• [EXERCISE]: Below are the entries. Print only the lines starting at the one with "357/303 Silver Oxide" and ending at the one with "Девушка держит ребенка", exactly, with no pictures.

**** PROVIDED RECORDS ****

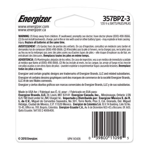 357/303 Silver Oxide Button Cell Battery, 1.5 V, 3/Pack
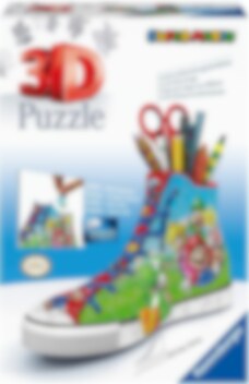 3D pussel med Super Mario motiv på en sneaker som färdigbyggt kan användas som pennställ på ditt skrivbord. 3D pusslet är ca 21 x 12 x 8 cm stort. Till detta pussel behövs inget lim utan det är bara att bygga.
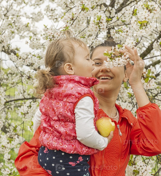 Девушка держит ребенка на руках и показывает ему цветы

****
**** PROVIDED RECORDS ****

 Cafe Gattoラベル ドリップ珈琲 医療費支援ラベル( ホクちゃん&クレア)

****
**** PROVIDED RECORDS ****

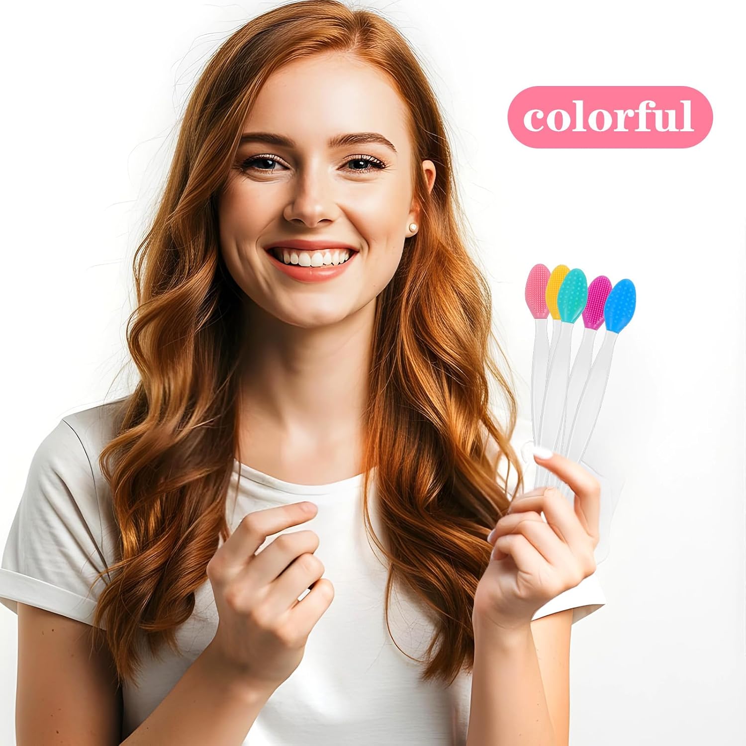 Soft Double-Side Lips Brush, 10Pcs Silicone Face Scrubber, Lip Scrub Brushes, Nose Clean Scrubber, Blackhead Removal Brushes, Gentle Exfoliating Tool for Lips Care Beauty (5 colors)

****

• [EXERCISE OUTPUT]:
 357/303 Silver Oxide Button Cell Battery, 1.5 V, 3/Pack
 3D pussel med Super Mario motiv på en sneaker som färdigbyggt kan användas som pennställ på ditt skrivbord. 3D pusslet är ca 21 x 12 x 8 cm stort. Till detta pussel behövs inget lim utan det är bara att bygga.
 Девушка держит ребенка на руках и показывает ему цветы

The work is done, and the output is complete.